All this has made it abundantly clear to me that as exalted and powerful and extraordinary as our species is, we are also very much of the earth. Out of the dust we are, and to dust we will return. That’s sobering. Yet it’s nothing like all bad news. For me, to know deep in my bones that we’re all of the dusty earth has been a profound source of help as well.
My own dusty mortality has been critical in my self-acceptance and – somewhat more slowly perhaps – in my acceptance of others. While the scriptures speak of our mortality in terms of tragedy, they also do so in terms of compassion. From the Bible’s songbook, we read:
As a father has compassion for his children,
so the Lord has compassion for those who fear him.

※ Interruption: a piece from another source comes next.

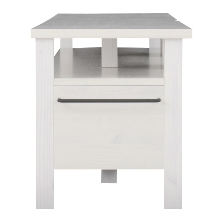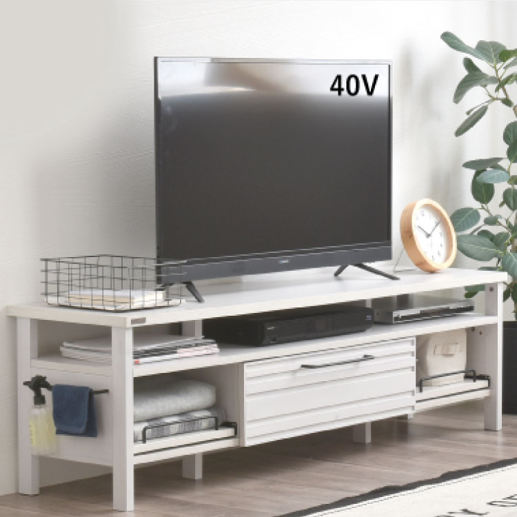 上品な白色塗装と木目調のデザインが北欧インテリアにぴったりなTVボード。

For he knows how we were made;
he remembers that we are dust.
– Psalm 103-11-14
Unlike ourselves, the God of the Universe is relaxed about our weakness, and understanding of our flaws, because God knows we are dust.
A friend of mine sent me an article on obesity today, particularly the great shaming that those of us who are overweight so constantly endure – from our culture, from ourselves, and even from our physicians. One of the takeaways was to wonder what it would be like for our sanity and health if we just were to accept that we each have to do the best with the body that we have. To be kinder to ourselves, and to experience greater kindness and acceptance from others, would have a greater impact on our health and well-being than any well-meaning advice or criticism.
When I am most disappointed in myself or someone else, this has become my new mantra. We are only dust. When I remember this, I am reliably nudged toward acceptance and compassion, and better things happen next.
Secondly, the remembrance of our common origins and destiny in the ground has given me a greater sense of connection, both to other living things and to the earth. As much as spirituality and religion has always tried to help us come to grips with our mortality, it has also been concerned with our interest in figuring out our place in this world.
We face something of an epidemic of loneliness and alienation in our age. I know I personally both experience and fear loneliness even more than death. And yet to know that my neighbor and cashier and sons are all dust, that the public figures I most adore and those I most resent all share my same material origins and destiny, is to remind me that we are all connected. When I’m nervous or unmoored, I can literally touch the ground and know that no matter where I am, I am at home.
Finally, knowing we all are dust has sometimes given me profound hope. In my work with the dead and dying, I have seen suffering and frailty and despair. But as much as I have seen these things, I have seen the miraculous and ethereal dignity and beauty of the human spirit. I have heard stories of unexpected amends made as people face death. I have listened to the bone-deep faith and assurance of the dying that this is not the end of them. I have seen transcendent peace on the faces of the suffering and emaciated. We sing a song in my church now and then where we say to our Maker, “You make beautiful things out of dust. You make beautiful things out of us.”
The dust from which we’re made has coalesced into bodies that somehow find room for beauty, aspiration, hope, joy, and love, often even in the bleakest times and places. As we hear in Jurassic Park: Life finds a way.
From dust we come, to dust we will return. But what dust we are now. And as to what we are becoming – who’s to say it won’t be even more stunning?